Joe O'Hara natychmiast stanął w drzwiach, za którymi najwyraźniej podsłuchiwał.
– Cholera, właśnie zaczynało się rozkręcać – powiedział z żalem. Patrzył na Richardsona z niejakim podziwem. Przesadnie uniżonym gestem wskazał drogę. – Nigdy nie spotkałem człowieka prawa, z tych w garniturkach, który by miał ochotę wychylić się zza swej odznaki i wyciągnąć pięści. Proszę pozwolić, że odprowadzę do samochodu.
Jego humor nie zdołał rozładować napięcia. Po ich wyjściu w pokoju na chwilę zapanowało głuche milczenie.
– Myślę, że powinniśmy sobie pójść – odezwał się Matt.
– A ja uważam – sprzeciwiła się Meredith, zaskakując obydwu mężczyzn- że powinniśmy zaczekać, aż Zack zapozna się z zawartością koperty. – Zwróciła się w stronę Benedicta. – Myślę także, że nadszedł czas, bym ci powiedziała, co o tym wszystkim myślę: Julie kochała cię naprawdę. I wierzę w każde słowo Richardsona.
– Jeżeli tak uważasz – odpowiedział Zack z kąśliwym sarkazmem – to sugeruję, byś zabrała te dowody i sama je obejrzała.
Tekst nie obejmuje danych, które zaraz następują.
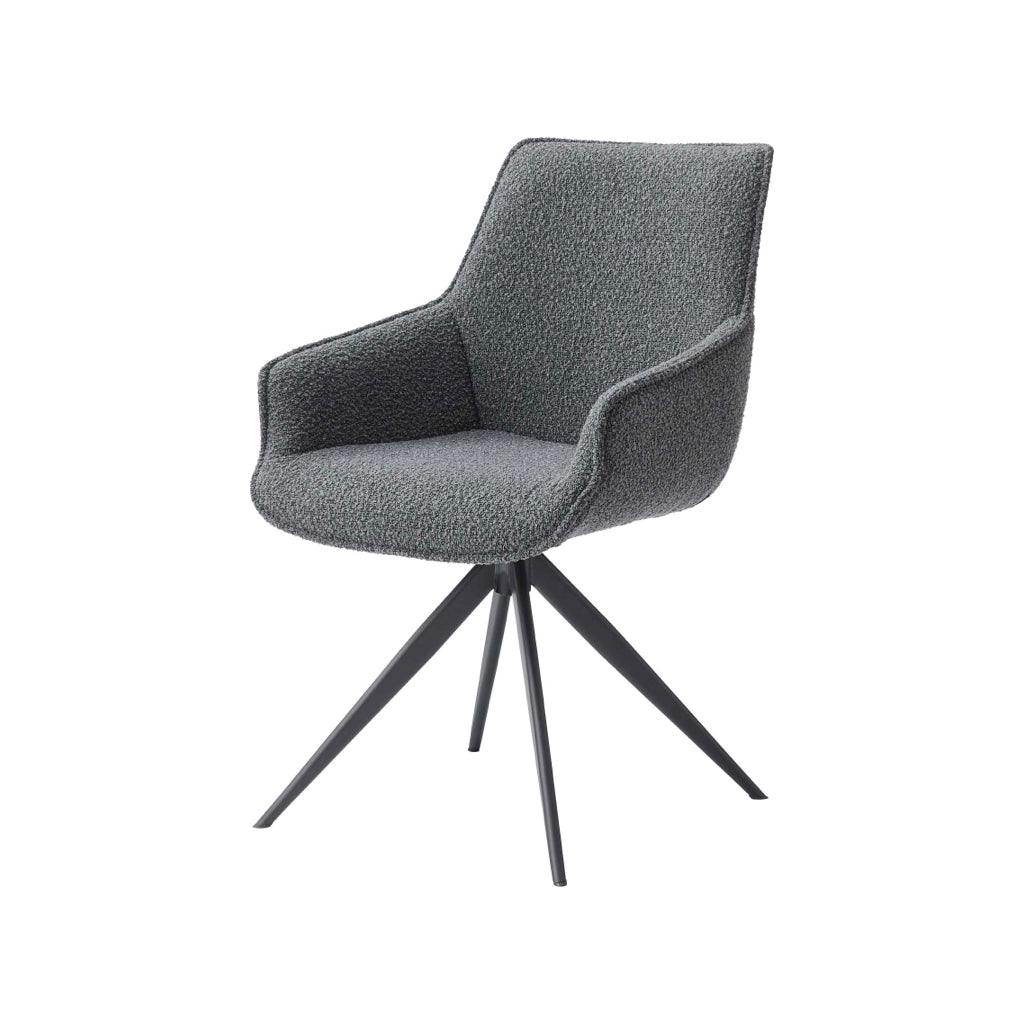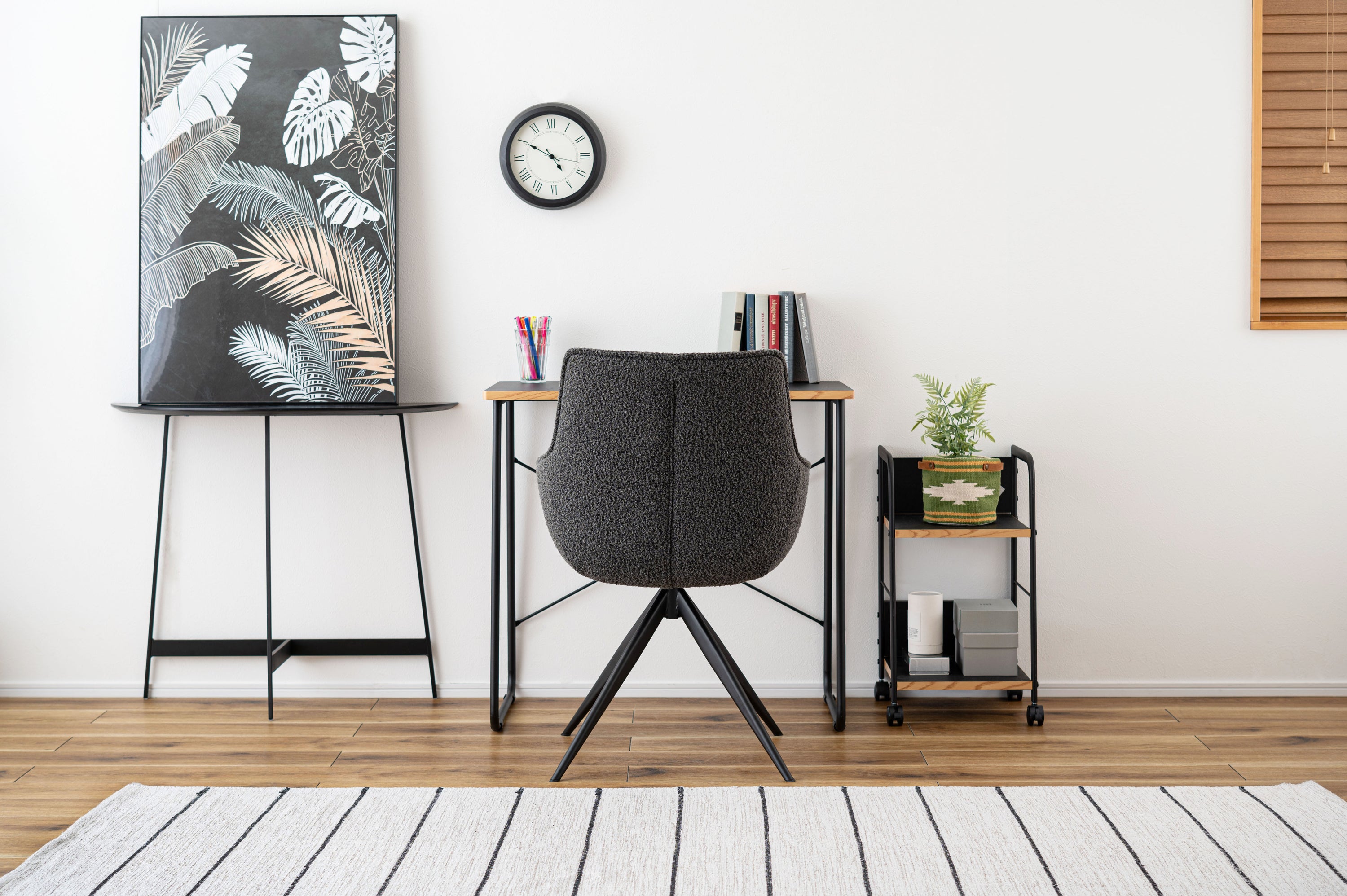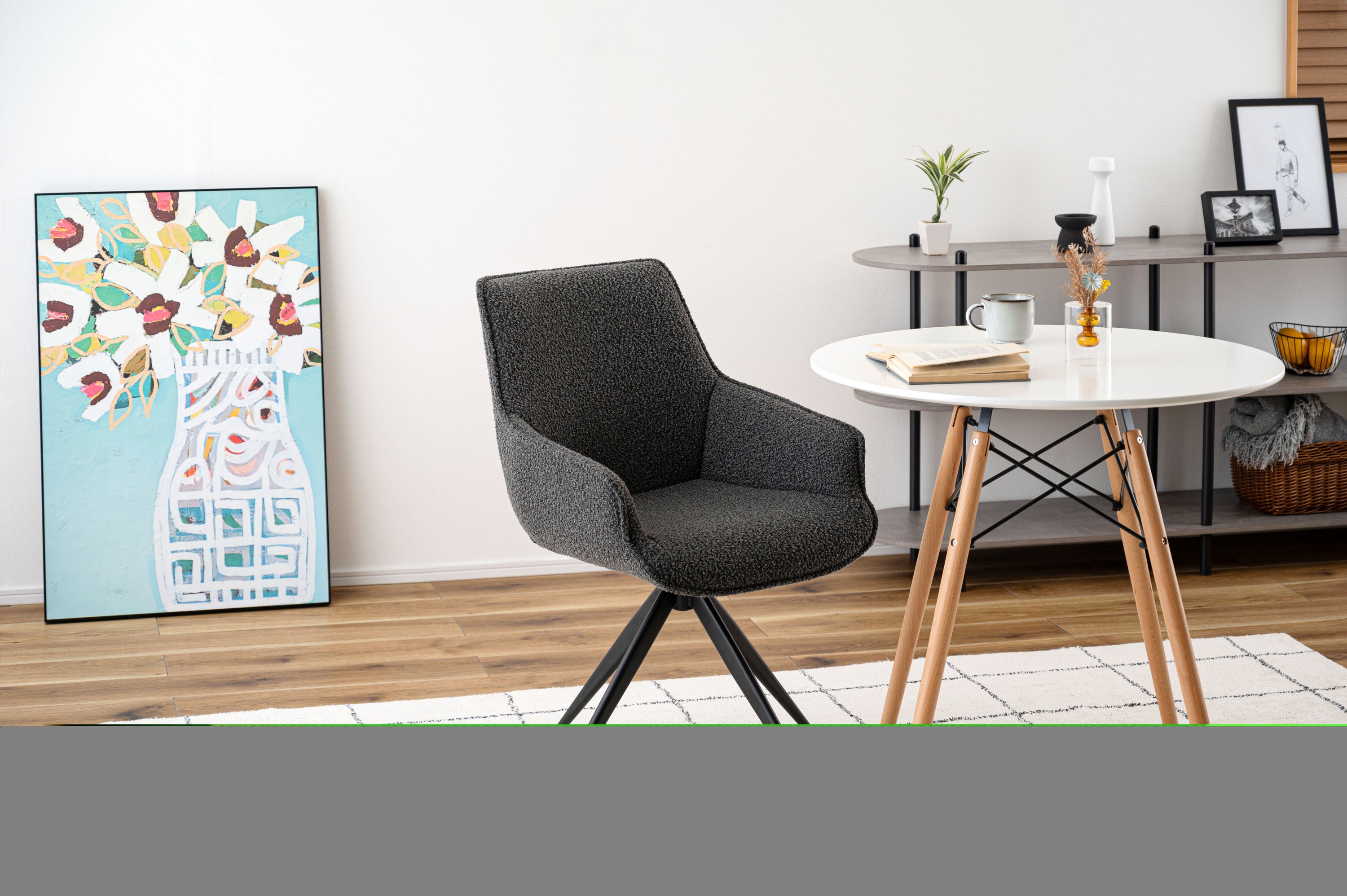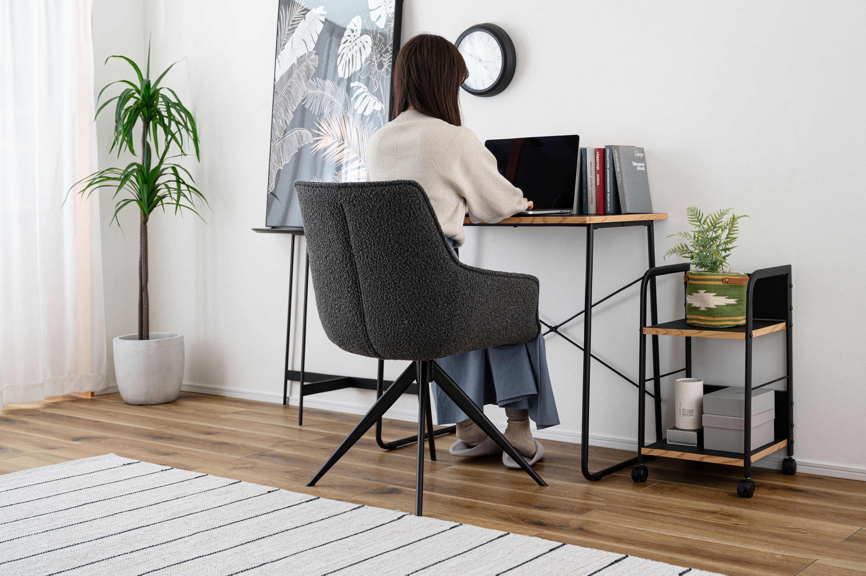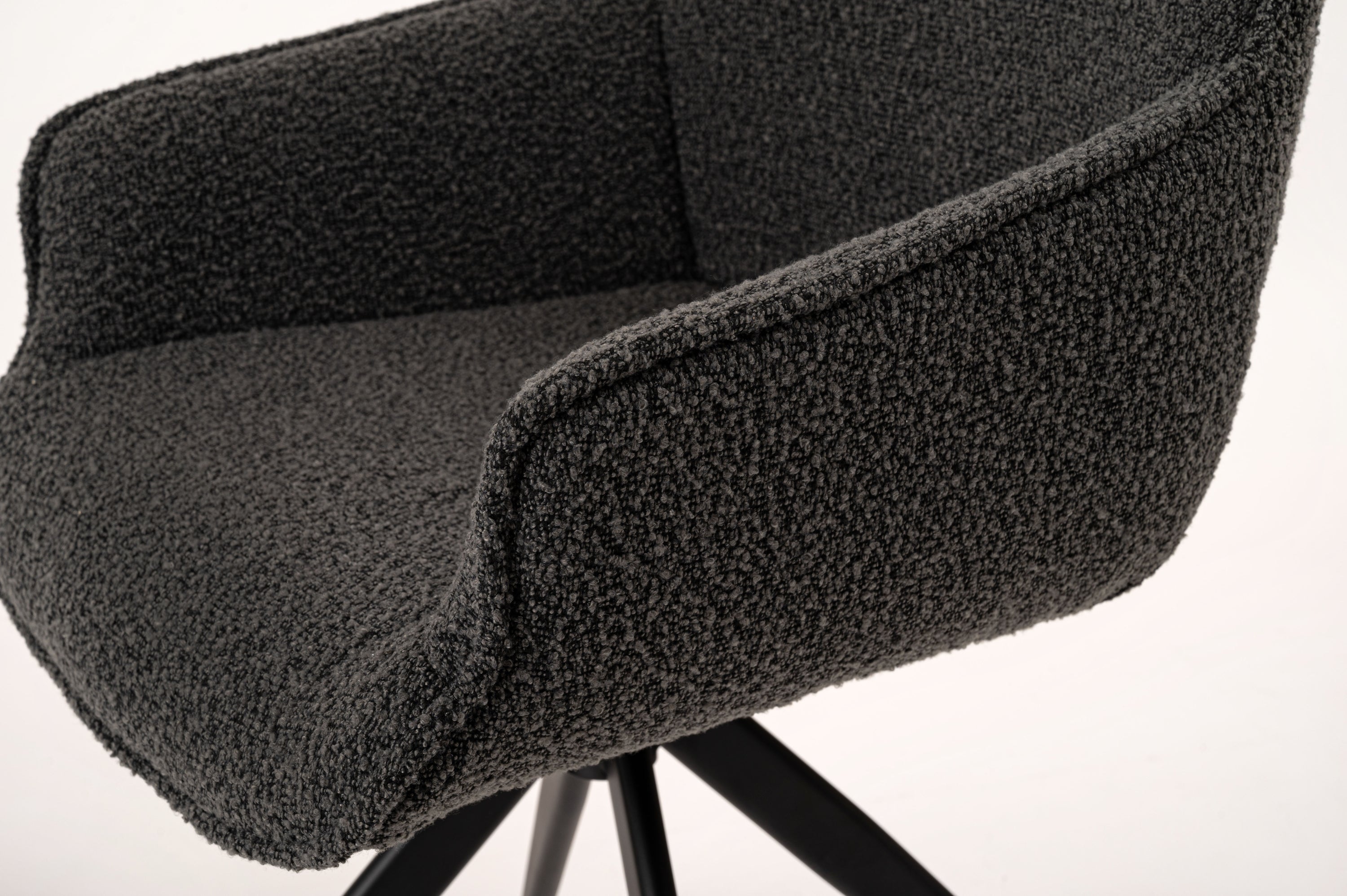 立体的で動きのあるファブリックを採用し、シンプルで洗練された印象の回転チェア。座面が360°回転式なので、テーブルへの出入りの動作がスムーズに。ゆるやかに湾曲した背もたれが、優しく包み込むように身体にフィット。柔らかすぎず固すぎない、程よいクッション性の座面。細身のスチール脚が全体のイメージを引き締め、スタイリッシュさを演出。

Potem możesz je spalić.
Twarz Matta zbielała z gniewu.
– Daję ci pięć sekund na przeproszenie mojej żony.
– Wystarczą mi dwie – powiedział Zack chłodno, a Meredith uśmiechnęła się, jeszcze zanim Matt zdążył się rozpogodzić, bo słuchała słów, a nie tonu przyjaciela. Zack wyciągnął ku niej dłoń i uśmiechnął się niepewnie. – Przepraszam, zachowałem się niewybaczalnie niegrzecznie.
– Nie było tak źle. – Patrzyła w jego oczy, jakby czegoś w nich szukała. – Ale przyjmę twoją propozycję i zabiorę kopertę, jeżeli nie masz nic przeciwko temu.
– Skoro twój mąż wciąż rozważa, czy ma mnie uderzyć, na co zasłużyłem- powiedział Zack chłodno – nie sądzę, bym powinien ryzykować odmową.
– Tak będzie najrozsądniej – zgodziła się. Przeniosła wesołe spojrzenie na męża. Wzięła kopertę z biurka i wsunęła dłoń pod ramię Matta. – Kiedyś wspomnienie mojego imienia przyprawiało cię o podobną furię – przypomniała łagodnie. Starała się załagodzić napięcie między mężczyznami.
Grymas gniewu na twarzy Matta przeszedł w zakłopotany uśmiech.
– Naprawdę byłem takim bałwanem jak Zack? Roześmiała się.
– Odpowiedź na to pytanie mogłaby mnie skłócić z którymś z was. Matt z czułością rozburzył włosy żony i przyciągnął ją do siebie.
– Przebierzemy się i spotkamy na przyjęciu – rzuciła przez ramię, gdy wychodzili z pokoju.
– Świetnie.
Zack patrzył za nimi, zamyślony nad bliskością, jaka połączyła tych dwoje, i zmianą, jaka zaszła w przyjacielu. Kiedyś, nie tak dawno temu, wyobrażał sobie, że razem z Julie… Podszedł do okna i rozsunął zasłony. Ogarniała go wściekłość na siebie za myśl o Julie. Nie był pewien, czym bardziej pogardzał – jej perfidią czy własną naiwnością.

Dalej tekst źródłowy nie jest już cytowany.